--- YOUR INSTRUCTIONS ---
Your copy of the listing should match it exactly, only without pictures.

--- MATERIAL SHOWN ---

---------------

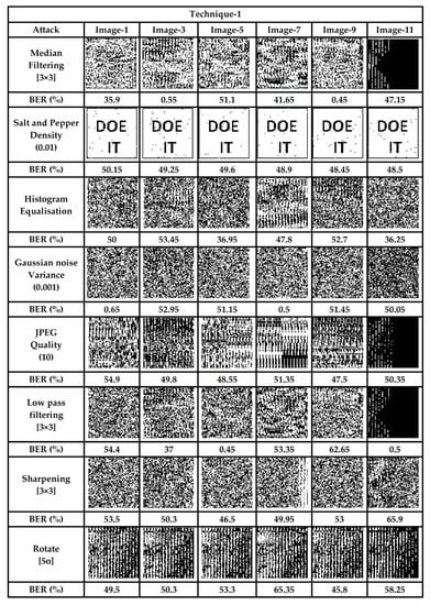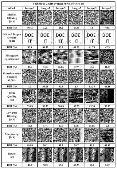 From Figure 7 and Figure 8, it is evident that any tampering with the stego-image results in extraction of the unrecognized watermark, hence validating the fact that the scheme is sensitive to various signal processing and geometrical attacks carried out on it. The average BER in the proposed scheme, to various attacks carried out on stego images, was 43.91% and 45.14% for the two techniques, respectively, which ensures that any attack on the data during transit would be successfully detected.
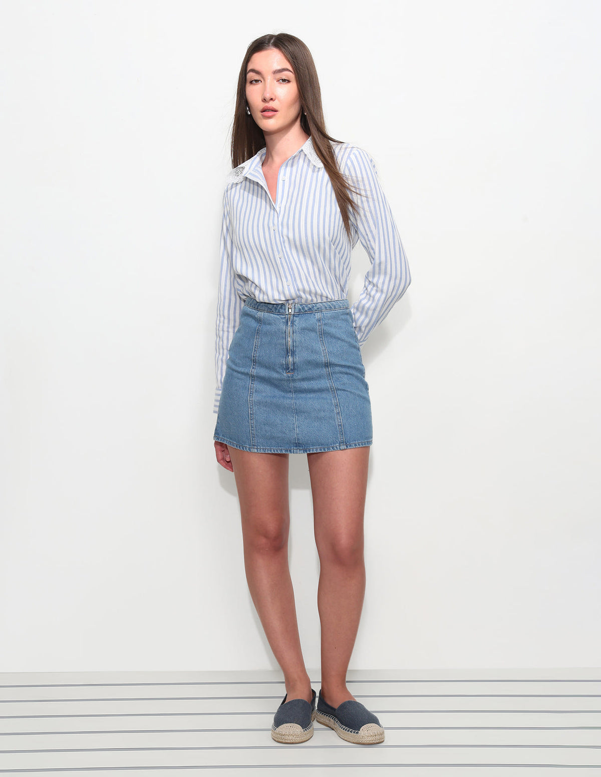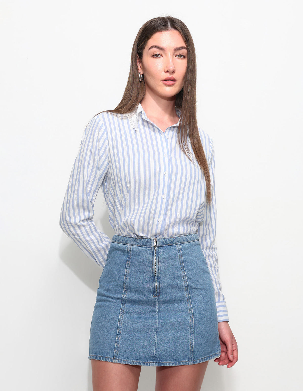 | Spread collar | Full button placket | Long sleeves with barrel cuffs | Curved hemline | Vertical stripes pattern with textured detail | Regular weave | Regular fit |
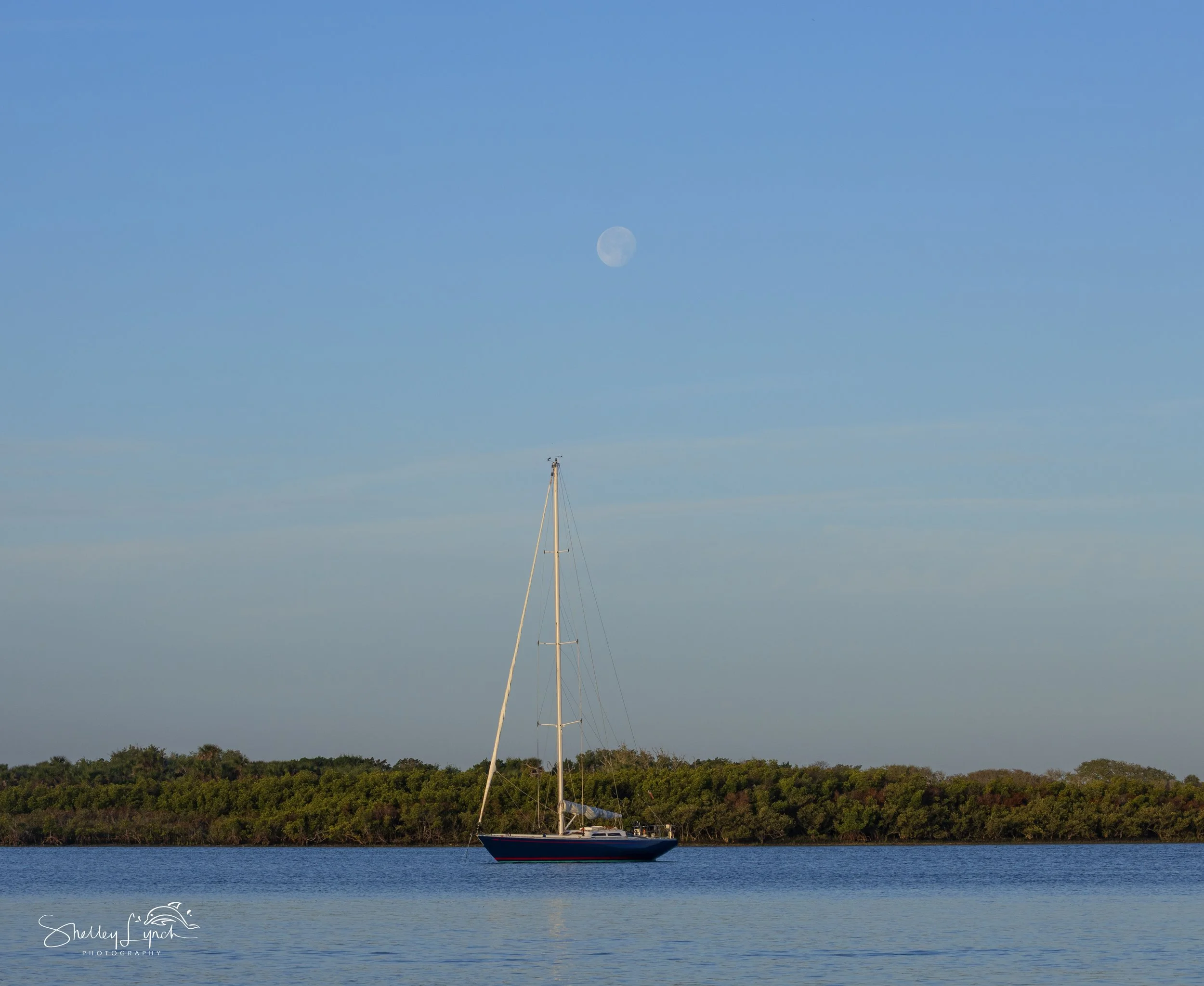 Later, the moon slowly set over the Indian River… while a pod of dolphins, Momma Bump and her calf, along with Birdie, enjoyed snuggles and snacks.
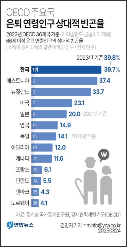 석 교수는 “개별 제도별로 조정 속도를 달리하는 것은 물론 개인 건강·소득 등의 차이를 고려한 유연한 정책설계가 필요하다”며 "중요한 것은 연령 상향 조치가 고령층 삶의 질을 저하하지 않도록 설계되는 것"이라고 강조했다. 물론 노인연령을 올리려면 청년 일자리 감소, 기업 부담 증가 등에 대한 사회적 합의가 전제돼야 한다. OECD 최고 수준인 노인 빈곤율을 감안해 퇴직 후 계약직 재고용, 임금 피크제, 순환근무제 등 고령자 재취업 지원책도 병행돼야 한다.
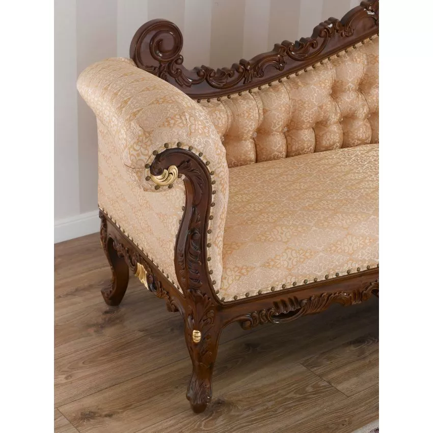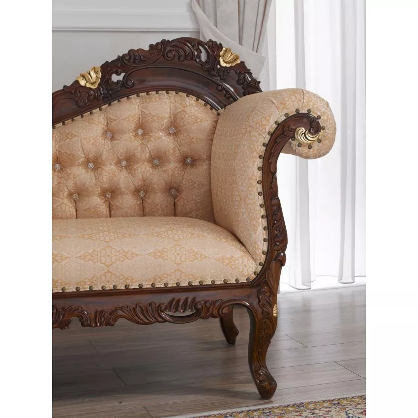 Alejandra Hand Carved Teak Wood 3-Seater Chaise Longue Sofa Gold Leaf & Walnut Finish
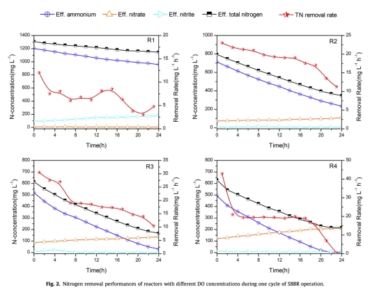 2. 數據來自圖2:測量了一個操作周期內氮濃度(氨氮、亞硝酸鹽、硝酸鹽)的動態變化。研究意義是揭示SNAP系統的瞬時去除過程,顯示部分亞硝化和厭氧氨氧化的協同作用,強調DO控制對維持反應平衡的重要性。
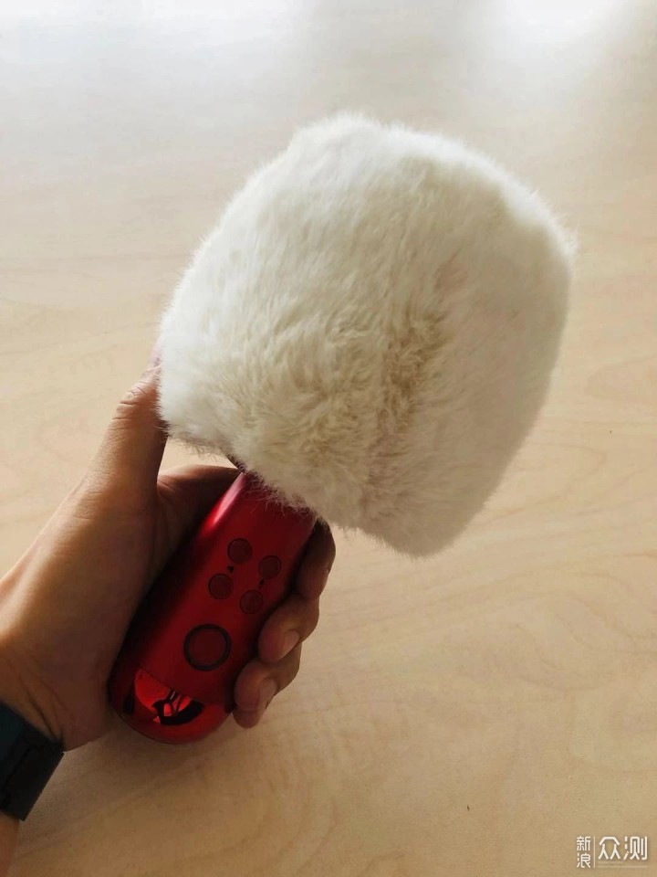这款麦克配备的是白色的防喷毛毛套,同款还有配备黑色海绵防喷罩的,不知上市会到底会如何配备。不过无论是哪种设计,都是用来对杂音进行过滤以及防治口内分泌物飞溅到麦克风上的,一方面保证机器使用寿命,另一方面保证演唱及录音效果。不过建议厂家提供后期耗材更换,毕竟产品规格较特殊,后期购买第三方产品可能比较麻烦。
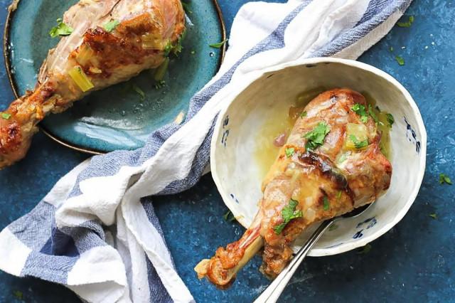 Голени индейки можно подавать с любым гарниром (овощами, рисом, спагетти), полив соусом.

---------------

--- OUTPUT BELOW ---
 From Figure 7 and Figure 8, it is evident that any tampering with the stego-image results in extraction of the unrecognized watermark, hence validating the fact that the scheme is sensitive to various signal processing and geometrical attacks carried out on it. The average BER in the proposed scheme, to various attacks carried out on stego images, was 43.91% and 45.14% for the two techniques, respectively, which ensures that any attack on the data during transit would be successfully detected.
 | Spread collar | Full button placket | Long sleeves with barrel cuffs | Curved hemline | Vertical stripes pattern with textured detail | Regular weave | Regular fit |
 Later, the moon slowly set over the Indian River… while a pod of dolphins, Momma Bump and her calf, along with Birdie, enjoyed snuggles and snacks.
 석 교수는 “개별 제도별로 조정 속도를 달리하는 것은 물론 개인 건강·소득 등의 차이를 고려한 유연한 정책설계가 필요하다”며 "중요한 것은 연령 상향 조치가 고령층 삶의 질을 저하하지 않도록 설계되는 것"이라고 강조했다. 물론 노인연령을 올리려면 청년 일자리 감소, 기업 부담 증가 등에 대한 사회적 합의가 전제돼야 한다. OECD 최고 수준인 노인 빈곤율을 감안해 퇴직 후 계약직 재고용, 임금 피크제, 순환근무제 등 고령자 재취업 지원책도 병행돼야 한다.
 Alejandra Hand Carved Teak Wood 3-Seater Chaise Longue Sofa Gold Leaf & Walnut Finish
 2. 數據來自圖2:測量了一個操作周期內氮濃度(氨氮、亞硝酸鹽、硝酸鹽)的動態變化。研究意義是揭示SNAP系統的瞬時去除過程,顯示部分亞硝化和厭氧氨氧化的協同作用,強調DO控制對維持反應平衡的重要性。
这款麦克配备的是白色的防喷毛毛套,同款还有配备黑色海绵防喷罩的,不知上市会到底会如何配备。不过无论是哪种设计,都是用来对杂音进行过滤以及防治口内分泌物飞溅到麦克风上的,一方面保证机器使用寿命,另一方面保证演唱及录音效果。不过建议厂家提供后期耗材更换,毕竟产品规格较特殊,后期购买第三方产品可能比较麻烦。
 Голени индейки можно подавать с любым гарниром (овощами, рисом, спагетти), полив соусом.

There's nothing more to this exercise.